ALLHiC
ALLHiC copied to clipboard
haplotype assembly for a polyploid
Hi, This follows the issue #80
The problem was the group assignment to the chromosomes homologous groups. We are working on the assembly of a tetraploid potato. If we do not separate the contigs into chromosomes groups we end up with a final supercontig of 2.2 Gb and a total length of 2.4Gb in groups.asm.fasta.
But, when we divided the contigs into the 12 homologous chromosomes divided by two, thus 24 (chri_1, chri_2) because we are using as a reference a haplotype assembly of a diploid potato, the contigs size are reasonable.
We follow the script for the polyploid sugarcane based on sorghum, we believe you were able to recover the haplotype assembly for each chromosome? In that case you had only one folder for each chromosome right?
What is your suggestion to obtain a haplotype assembly of a tetraploid potato using a diploid reference assembly to separate the contigs? Is there any way to use allhic without using a reference?
Did you use purge_haplotigs or something similar after using allhic?
Looking forward to an answer Best Regards
Hi @phrh I guess there might be a misunderstanding of the auto polyploid assembly. Actually, the chromosome number of tetraploid potato is 48 (2n=4x=48). Thus 48 pseudo-chromosomes should be expected rather than 24. The sugarcane AP85-441 we were working on has 32 chromosomes (1n=4x=32) and we therefore separated four haplotypes. There is no need to use purge_haplotigs. We expect to assemble as much sequences as possible.

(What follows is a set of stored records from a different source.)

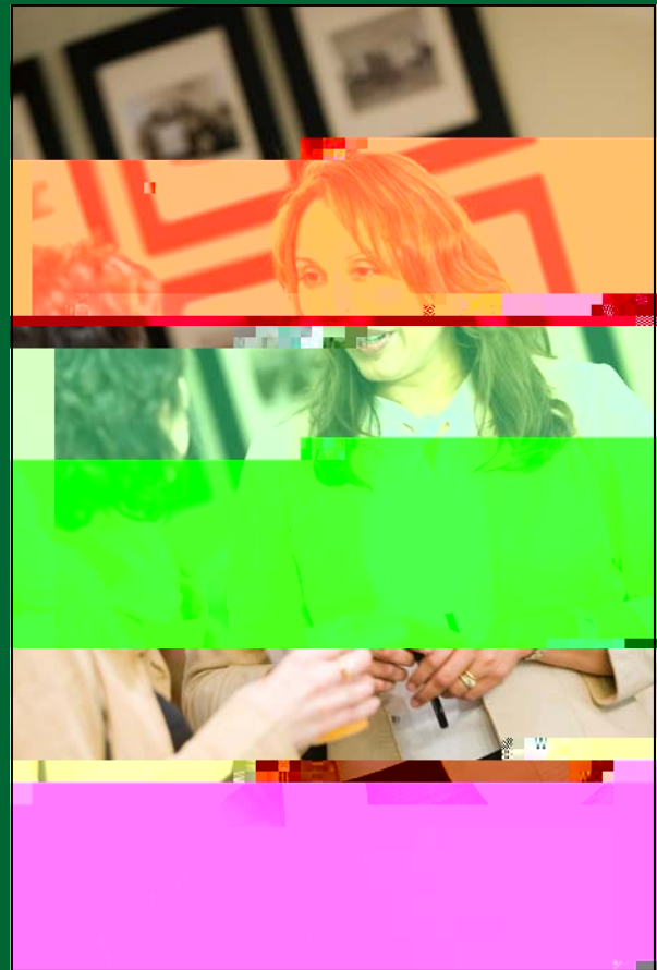
Natasha Trethewey , Poetry Pulitzer prize winner, talking with a student before her lecture at the Alumni Center on April 17th.
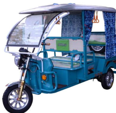
(Fig. 10 e-rickshaw)

Another thing becoming more common is electric commercial vehicles. We can commonly see e-rickshaws, which is the electric version of a three wheeler used as public transport. Also companies like Tatamotors and Ashok Leyland have launched e-buses and many cities havestarted using it for public transport.
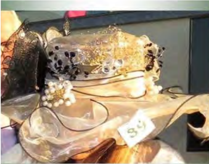
FIRST PLACE ASCOT HAT CONTEST WINER
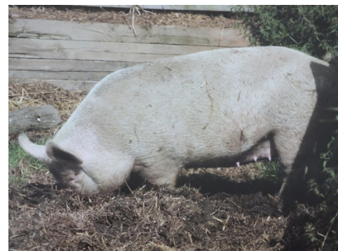
British Landrace breed large white

The Tamworth's red/gold hair makes it as one of the most recognisable of the traditional pig breeds. It is thought to be most typical breed descended from the old indigenous species, old English forest pig. The sows are excellent mothers, being milky, docile as well as protective. The Tamworth is hardy and can be kept in environments ranging from rough pasture to meadowlands.
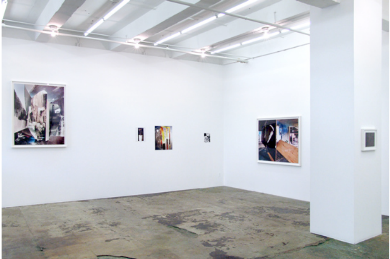
Installation view, east and south wall.
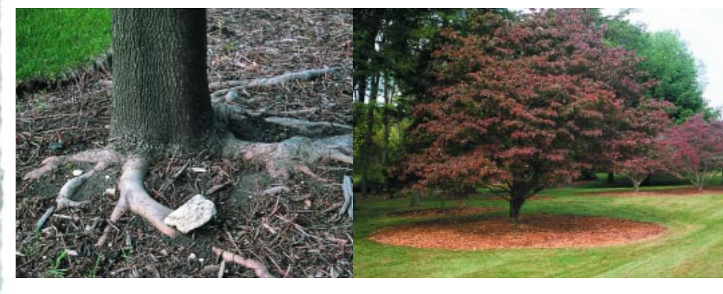
Figure 6 A mulched zone extends slightly beyond the drip zone of this dogwood.

A mulched zone around trees protects against mechanical injury to tree roots growing on the surface of the ground, especially for shallow-rooting species, such as silver maple and Norway maple (Figure 5). A frequent recommendation is to buffer trees and shrubs with a mulched zone that extends from near the trunk to the drip line (the area under the tree directly below the canopy) (Figure 6). Another advantage of isolating trees from turf is prevention of mower blight (mower collisions that damage the bark, cambium, and vascular tissue of trees) (Figure 7). Mechanical damage to the trunk frequently reduces the vigor and life span of landscape trees by disrupting water and nutrient translocation and by creating entry points for plant pathogens and decay-causing fungi.
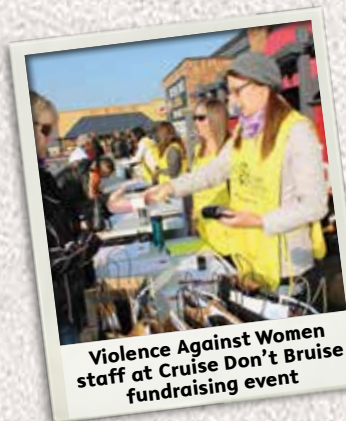
Violence Against Women staff at Cruise Don't Bruise fundraising event
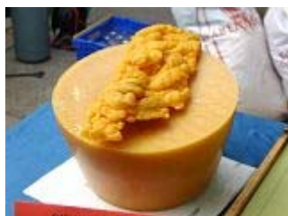
wax 蜡 [là]
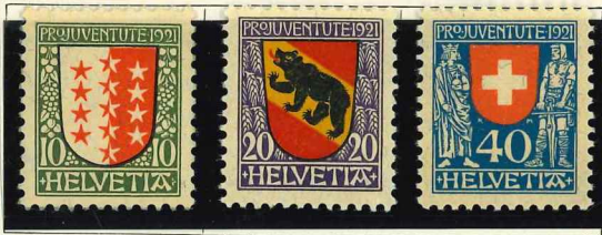
Red and green Black, yellow, red and purple Red and blue
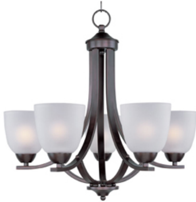
11225FTOI Axis 5-Light Chandelier
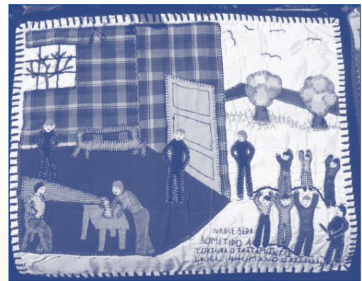
Chilean Arpillera (Curated by Chilean Cecilia Ubilla)
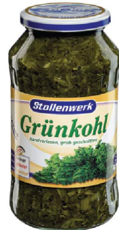
Green Cabbage (Grünkohl) 660g
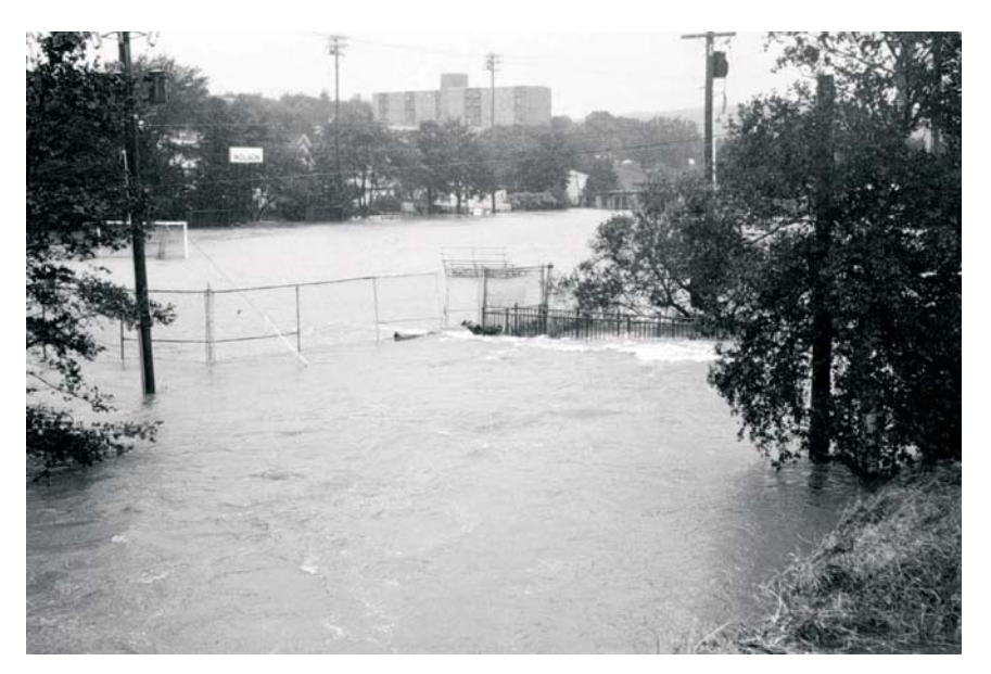
Figure 10. Floods cover soccer field at head of Quidi Vidi Lake, September 2001. Note footbridge over Rennie's River forming dam as it blocks flood waters.
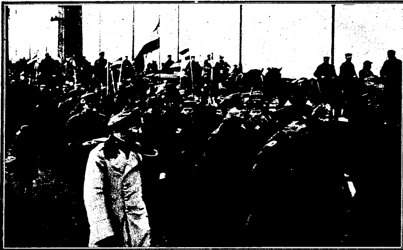
THE REMNANTS OF GERMANY'S ONCE POWERFUL ARMIES CROSS THE BRIDGE AT COLOGNE AFTER THEIR BITTER LESSON THAT MILITARISM HAS FAILED TO ACCOMPLISH ITS DIABOLICAL OBJECT. The Huns carried flags and still maintained a spirit of bravado though evidently fully conscious of the humiliation of their position.

Hi, Maybe I was not clear. (1) Is there any way to use allhic without using a reference? (2) what would you suggest to use as a reference for a tetraploid potato to divide de hi-c contigs, a haplotype version of a diploid potato (with two folders for each chromosome)? We used this assembly, we consider is the best one for the diploid potato. But we are having problems to know how to find the four haplotypes
For example for chromosome 1, we use a k from 1 to 4. In the case of k =4, we use each k inside chr1_1 and chr1_2 folders. Moreover, we join the content of Chr1_1 and Chr1_2 into Chr1 and use also a k=4, but the difference in size of the resulting groups is big.
k=4 Chr1_1 | Chr1_2 | Chr1 104,023,204 | 76,792,460 | 235,470,213 10,993,786 | 31,758,127 | 28,995,993 1,231,480 | 17,286,196 | 14,487,011 820,152 | 21,025,674 | 6,149,390
What was your experience with sugarcane?
Hi @phrh , (1) The reference genome is necessary to separate allelic contigs and therefore we have to use a reference in ALLHiC if we are working on polyploid assembly and phasing. For diploid genome, there is no need to use a reference. (2) The reference genome should be a monoploid assembly of a diploid or a polyploid. That means the reference only contains one set of these haplotypes rather than a phased assembly (i.e. a haplotype-resolved version assembled by Zhou et al., 2020). Does that make sense?
Yes, thanks we are now using a monoploid assembly.
However, we followed the issue https://github.com/tangerzhang/ALLHiC/issues/75 and we decided to (1) used the ALLHiC_corrector and (2) filter hi-C reads using Hi-C explorer. Can you tell me what does the ALLHIC_corrector does?
ALLHIC_corrector detects and corrects misjoined contigs based on Hi-C signals. It utilizes the core algorithm for contig correction from 3D-DNA but does not include the iteratively scaffolding steps, which saves a lot of time for big genomes. In addition, ALLHiC_corrector takes bam files (from bwa mem) as input and does not need juice box mapping. We think it might be convenient for ALLHiC users.